Le disparon dentro de su casa, luego de robar dinero, joyas y su camioneta
RONALD PEÑARANDA
La esposa y el hijo de apenas 11 años de edad, de Alfredo Fernándes Abreu, jamás podrán borrar de sus mentes, la fatídica noche del viernes 3 de mayo, cuando un grupo de delincuentes les arrebataron a su ser más querido.
Eran las 9:00 pm de ese día, el comerciante, salía de su panadería en Los Nuevos Teques, al lado del supermercado Pimienta, rumbo a Carrizal a darle la cola a uno de sus empleados que vive en La Ladera.
Cuando estaba de regreso hacia la capital mirandina, en la vía principal de Carrizal, fue interceptado por varios sujetos que estaban armados hasta los dientes.
Los malandros lo sometieron, lo amenazaron luego se montaron en su camioneta Toyota Hilux, gris y seguidamente lo obligaron a que los llevaran a su casa, en el edificio Mimi, también en Los Nuevos Teques.
De allí sustrajeron dinero y joyas y como si esto fuera poco antes de retirarse con el botín le dispararon por la espalda a Fernándes, ante la mirada atónita de su mujer y su muchacho. Finalmente los asesinos huyeron en el vehículo de la víctima.

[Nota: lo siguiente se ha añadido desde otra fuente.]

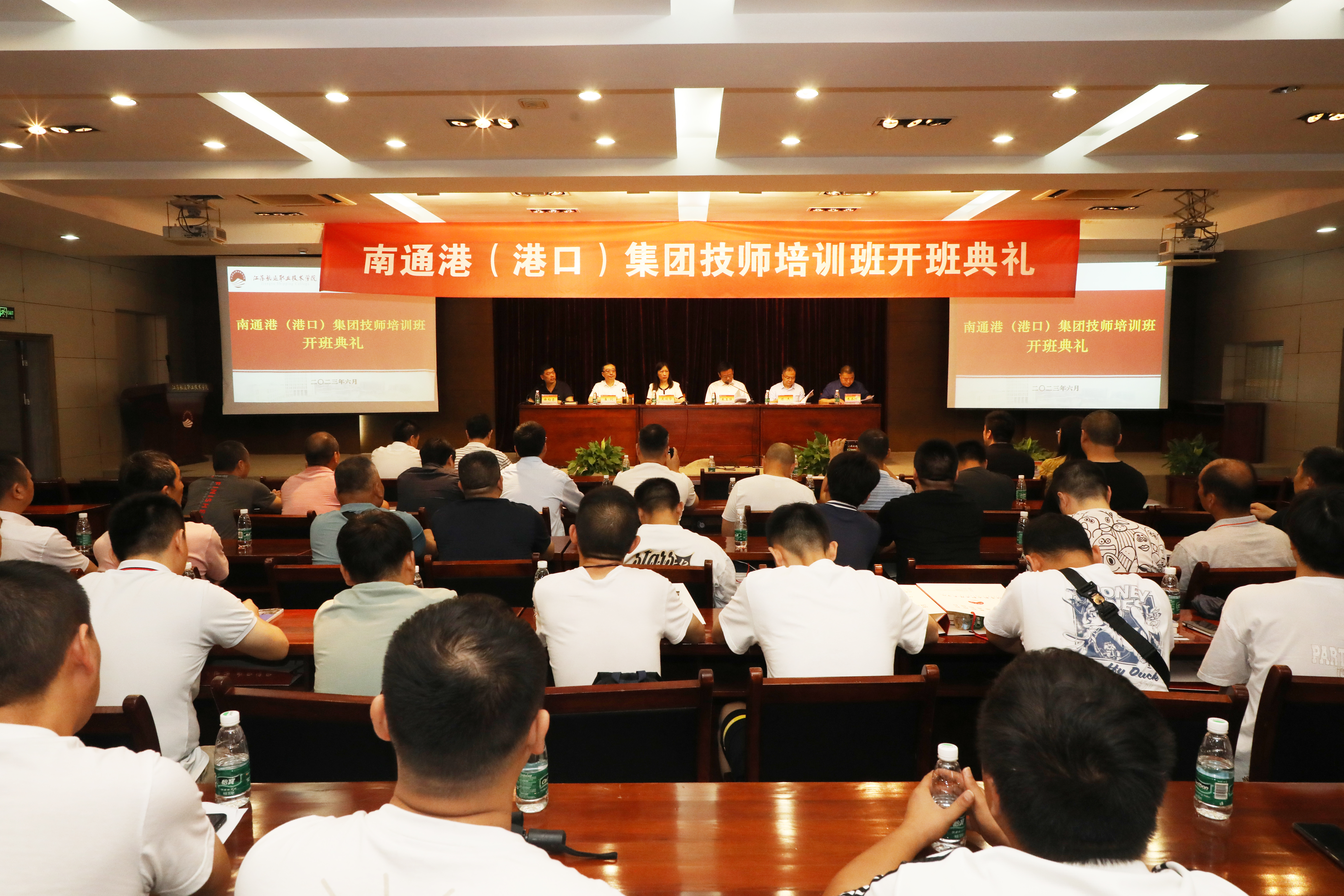 6月30日上午,集團首次職業技能等級技師培訓班在江蘇航運職業技術學院正式開班。集團黨委書記、董事長朱玉強,江蘇航院黨委副書記、校長吳麗華,集團副董事長崔劍,江蘇航院交通工程學院、繼續教育學院和集團人力資源部負責同志出席開班儀式,本次技師培訓班全體學員以及2022年港務專業職業技能等級高級工培訓班學員代表一并參加活動。

Vecinos que escucharon el alborto se acercaron y encontraron al panadero tirado en el piso de la sala del apartamento, aún estaba con vida. De inmediato lo trasladaron a la Clinica Docente los Altos de Montañalta, donde falleció mientras lo atendían los médicos. Presentó una herida al nivel del omóplato.
El crimen causó conmoción en la comunidad, pues el empresario era muy querido y apreciado en la urbanización.